Monday, May 25, 2015

Savoring the season

For everything there is a season, and a time for every matter under heaven.
-Ecclesiastes 3:1


Lately I've realized that I'm in a pretty great season. 

There are many seasons in a person's life, and I'm currently in a season of motherhood that's really, well, nice. I'm a homeschooling, stay-at-home mom, which is not easy but is also completely wonderful. I have my boys with me all day, every day. And at this point in their lives, they still really, really like me.




And they also really, really like each other.



While I adore babies and am always a little sad to see how much my boys are growing up, I realize that not having any babies in the house is pretty awesome. No diapers. My kids can speak words I understand. I don't need to carry an enormous bag full of supplies with me on outings anymore. My kids sleep all night in their own rooms.

Still, they need me. And I am savoring that because I know time is marching on and this won't always be the case. Every night my 8-year old asks if we can "snuggle" before bed. If I'm busy working on something, he'll leave me a note with his snuggle request scrawled in sloppy but adorable elementary-age-boy handwriting. He tells me, "I love you," almost every time he leaves my presence, even if it's just to go upstairs to the school room or down into the basement to play. My 3-year old is very affectionate and is happy to hug and kiss me spontaneously. He rarely, if ever, turns down an offer to come into my lap. When I wrap my arms around him, he nuzzles his face into my chest and grins.

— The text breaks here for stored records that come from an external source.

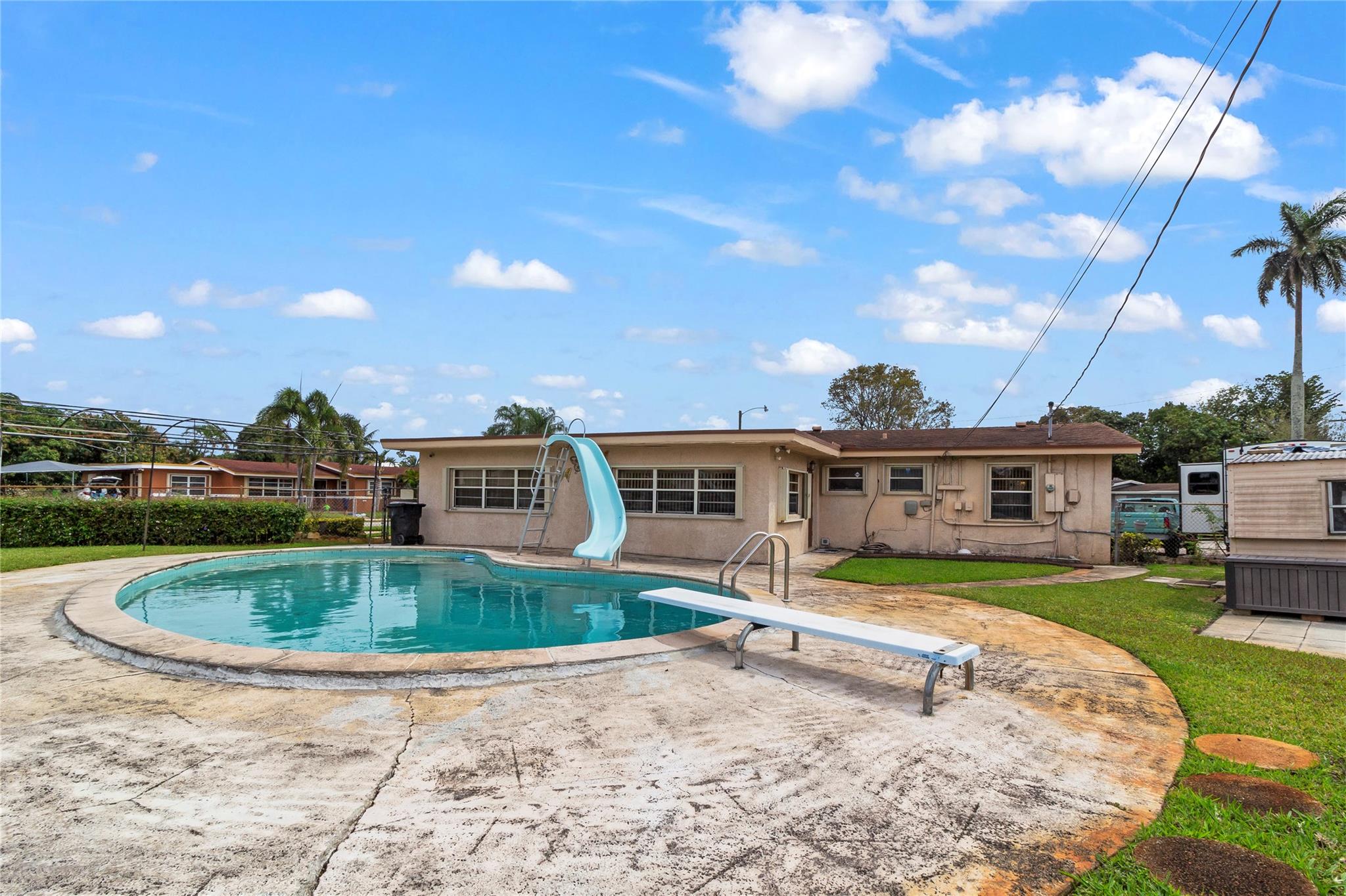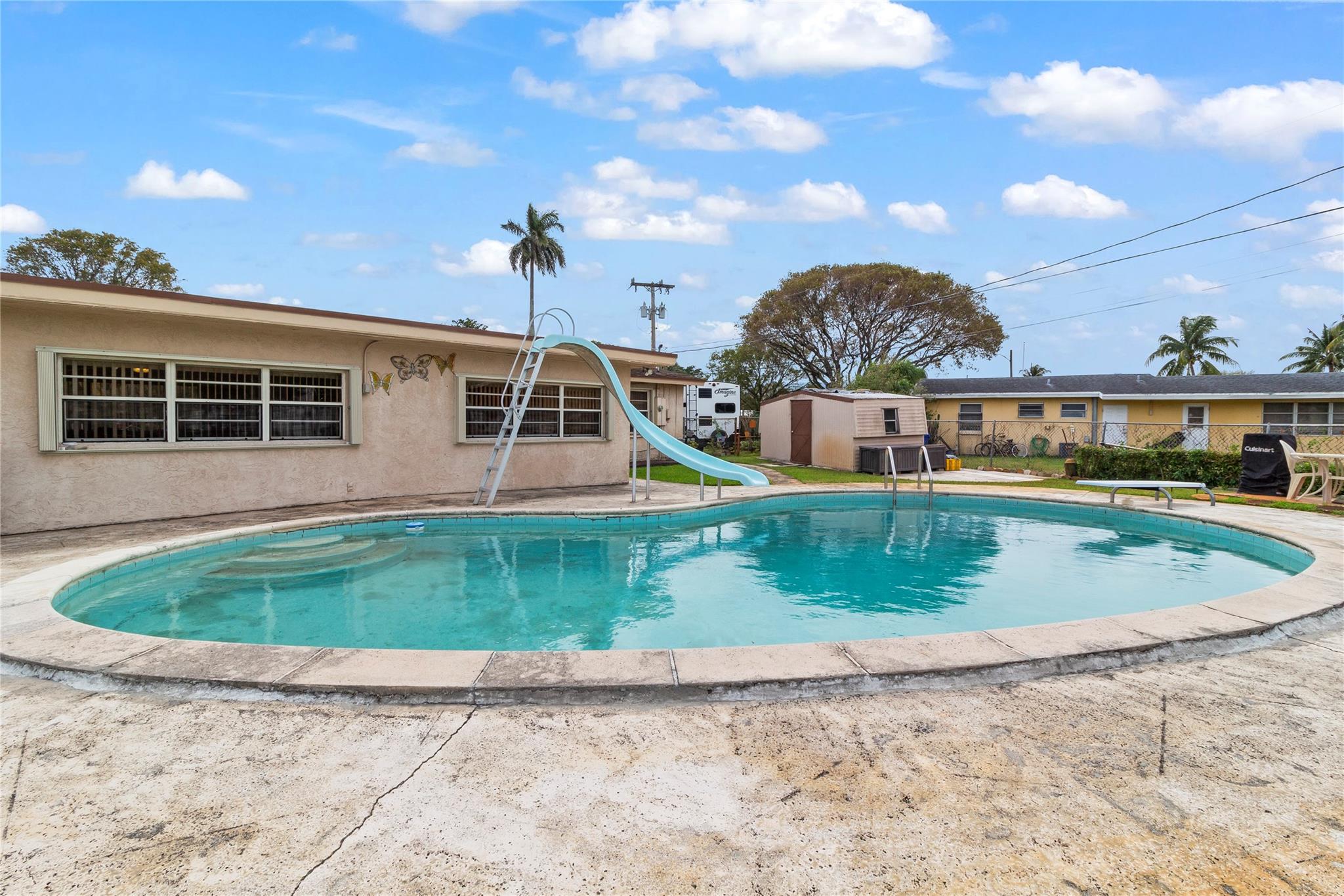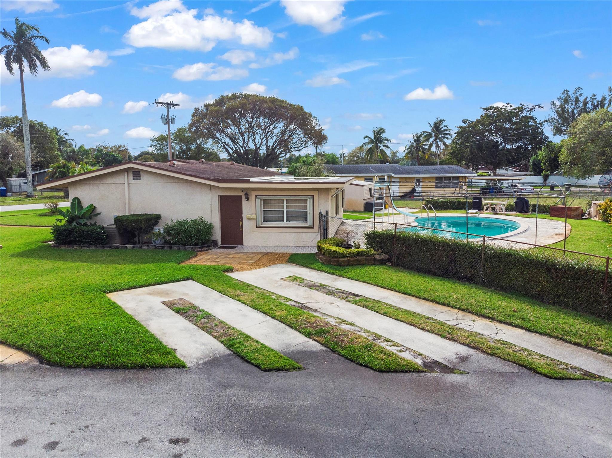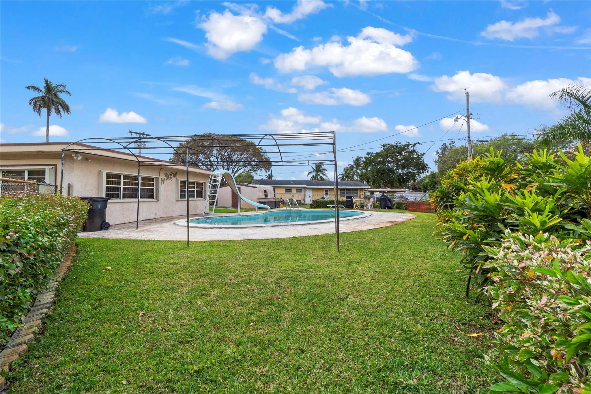 Beautiful well maintained property on a large corner lot with an in ground pool. Interior open and spacious. Updated kitchen with a built in oven and separate range. Kitchen cabinets are custom made with smooth slide drawers and large lazy Susan. Exterior landscaping is lush and well cared for along with an automatic sprinkler system. This property is 3.3 miles from the beach; 3/4 of a mile to I95; 2.5 miles to turnpike & 2.2 miles to Federal Hwy.
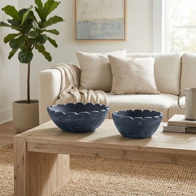 Modern Scallop Edge Decorative Bowls for Coffee Table Decor - Elegant Handcrafted Centerpiece Bowls and Stylish Home Accent - Set of 2, 5", Blue
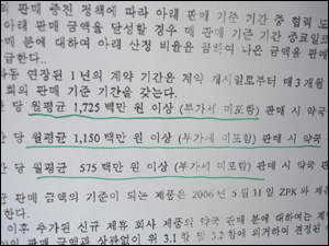 이번 수정계약서에서는 이를 17억2,500만원(부가세 제외), 11억5,000만원, 5억7,500만원 이상 판매시에 분기단위로 연 4회 같은 비율의 판매장려금을 지급한다는 것.
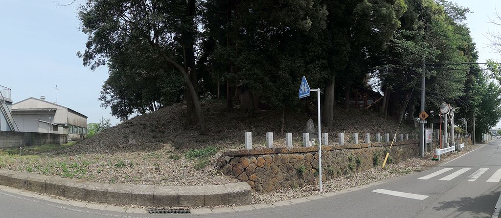 南から。館林市史資料編1によると測量図(平成22年度調査)から後円部見かけの径45m前後(復元系50m前後)、高さ(現状)8.2m、周溝を含めた全長は90m前後と推定している。
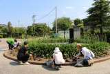 OB会の皆さんが、子どもたちのよりよい環境づくりのために、花壇づくりや草取りをし...
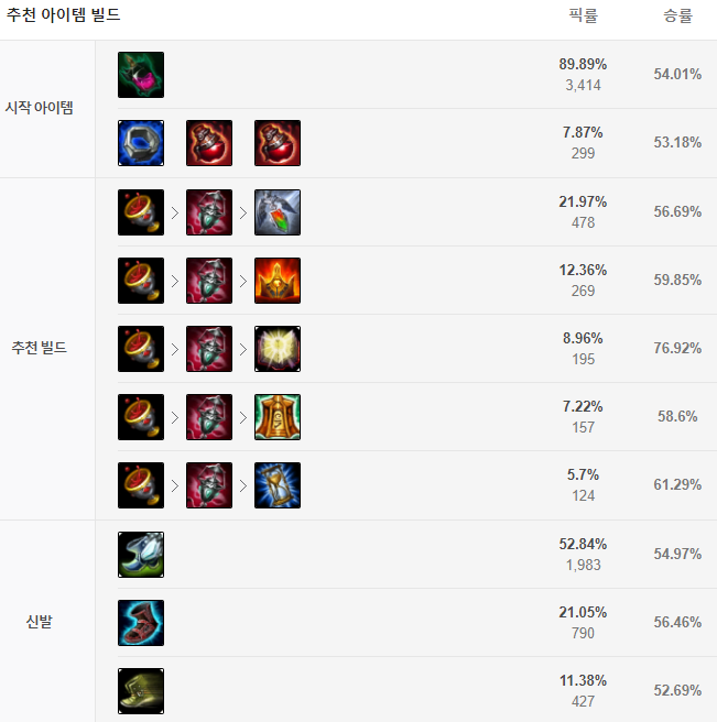 탑 룰루는 첫 아이템으로 아테나의 부정한 성배를, 두 번째 아이템으론느 향로를 많이 띄워주는데요, 이 둘의 공통점은 바로 유틸형 아이템이라는 점으로 아군을 보호 및 강화하는데 특화되어 있는 아이템들입니다. 3코어 아이템도 상대방에 CC기가 많으면 미카엘, 우리팀에 이니시에이팅이 부족하면 슈렐리아, 무난한 경우 구원 아이템을 띄워줍니다.
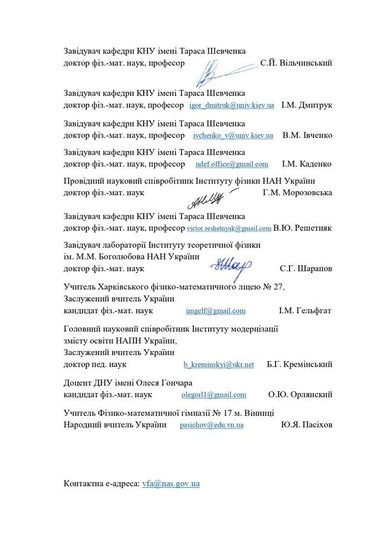 «Воно має повернутися на рейки отримання повномасштабних за змістом і доступних за формами знань, коли природничо-наукова та інженерно-технічна освіта знову набуде престижу, оскільки саме вона виступає гарантом технологічного розвитку нашої держави, чого ми так палко бажаємо», - наголосили підписанти листа.
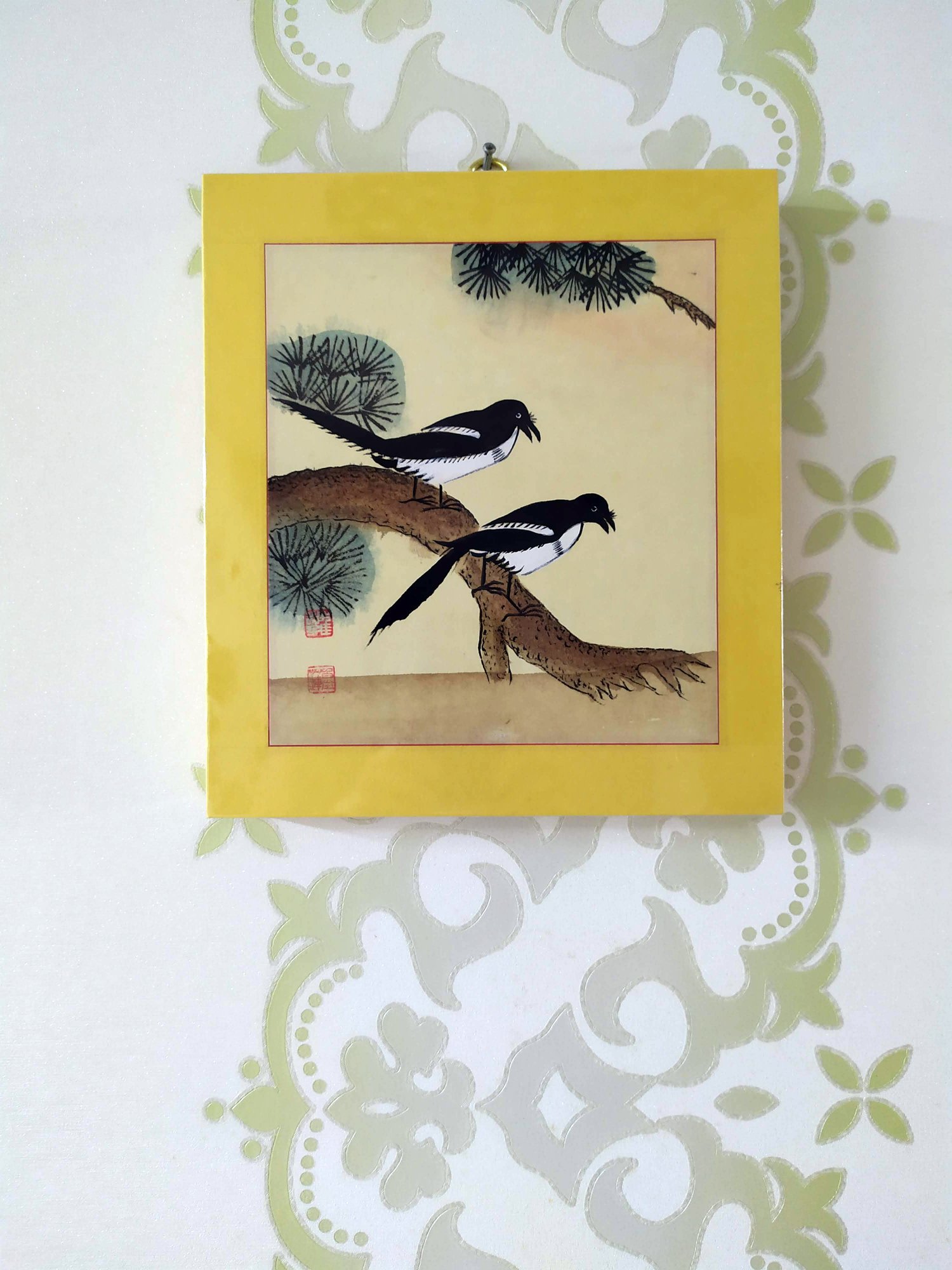 Magpies symbolize joy with good luck, and drawing two magpies means that couples enjoy the joy of longevity.

While I'm often in the middle of something when small hands reach up to me, I try to make the effort to accommodate those requests for physical affection, even when it's inconvenient.



After all, one day these little boys will be men, and I'll no longer be the main woman in their lives.

So now, during this season in which I'm still Number One, I'm trying to enjoy every sweet moment. I'm so thankful.